So this may seem like a bioinformatics question but it is the math part that is giving me trouble. I'm using a Python package called YAHMM to model DNA sequences. I created a model with two states (state1 and state2) and two silent states (start and end)
Transitions: state1= s1, state2= s2
s1 > s1= 0.4
s1 > s2= 0.4
s1 > end= 0.2
s2 > s2= 0.4
s2 > s1= 0.4
s2 > end= 0.2
State 1 Probabilities:
A= 0.4
T= 0.4
C= 0.1
G= 0.1
State 2 Probabilities:
A = T = C = G = 0.25
My sequence X= TTA and the program gave me this matrix as a result from the forward algorithm computation using natural log probabilities:
[[ -inf -inf 0. -inf]
[-1.60943791 -2.07944154 -inf -2.73336801]
[-2.95651156 -3.42651519 -inf -4.08044166]
[-4.30358521 -4.77358884 -inf -5.42751531]]
Where the columns and rows are labeled:
state 1 | state 2 | start | end
position 1
position 2
position 3
So I can get the first row correct, M(i,j) where i= observation and j= state M(1,1)= ln([transition from start to state1][emission of T])= (ln(0.5*0.4)= -1.609 M(1,2)= ln([transition from start to state1][emission of T])= (ln(0.5*0.25)= -2.079
HERE'S THE PART I CAN'T FIGURE OUT:
In the forward algorithm each entry in the matrix is supposed to be the probability of all paths that could lead to that position in the matrix, i.e. that state for that position.

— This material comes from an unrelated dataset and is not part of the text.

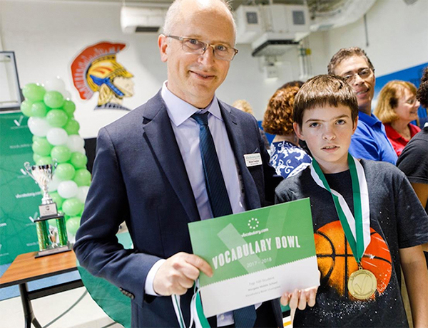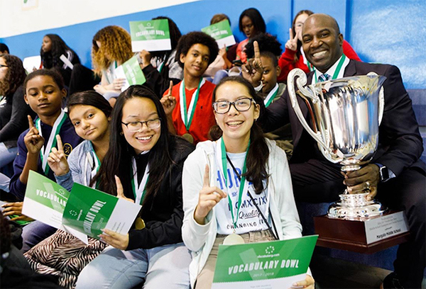 Representatives from Vocabulary.com presented Margate's teachers with the Florida State Champion Banner and the Vocabulary Bowl Middle School Champion banner. CEO Michael Freedman presented Principal Earnest Toliver with the Vocabulary Bowl Champion cup — which Toliver hoisted to thunderous applause.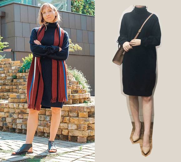 中间那款是100%山羊绒质地,上身柔软不刺人。袖口有细细的针织飘带,可以系成蝴蝶结,也可以放下来甩啊甩。整体偏H型,裙摆略向里收。因为是高领,所以不适合脖子短和大胸妹子。

So for M(2,1) it should be a T being emitted from state1 for position 2.
There are two possible paths for this,
path1= start > state 1 emits T > state 1 emits T = [ln(0.5*0.4) + ln(0.4*0.4)]

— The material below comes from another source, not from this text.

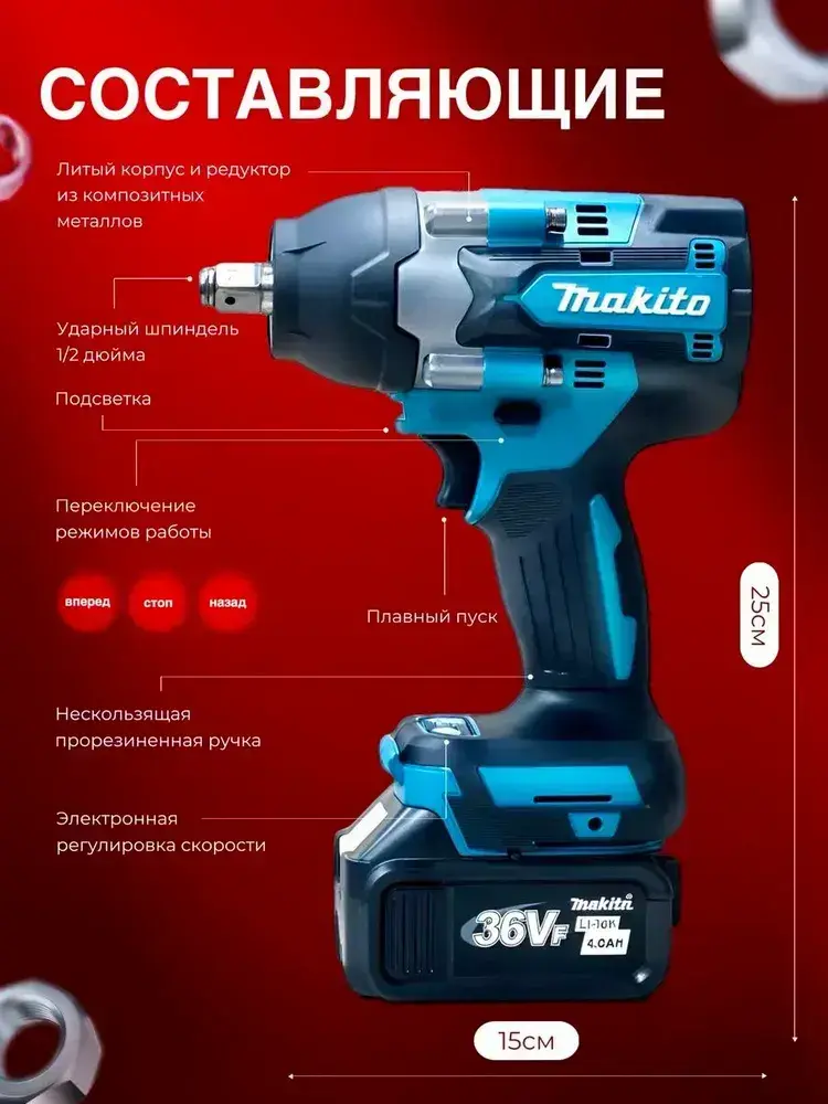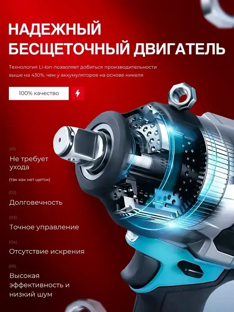 Гайковёрт аккумуляторный ударный, 2 АКБ

path2= start > state 2 emits T > state 1 emits T = [ln(0.5*0.25) + ln(0.4*0.4)]
so my computational approach was to add these paths together (since its log space)
[ln(0.5*0.4) + ln(0.4*0.4)] + [ln(0.5*0.25) + ln(0.4*0.4)] = -7.354
This is way off from -2.9565 so can somebody tell me where i'm going wrong? I really want to understand the way this algorithm works.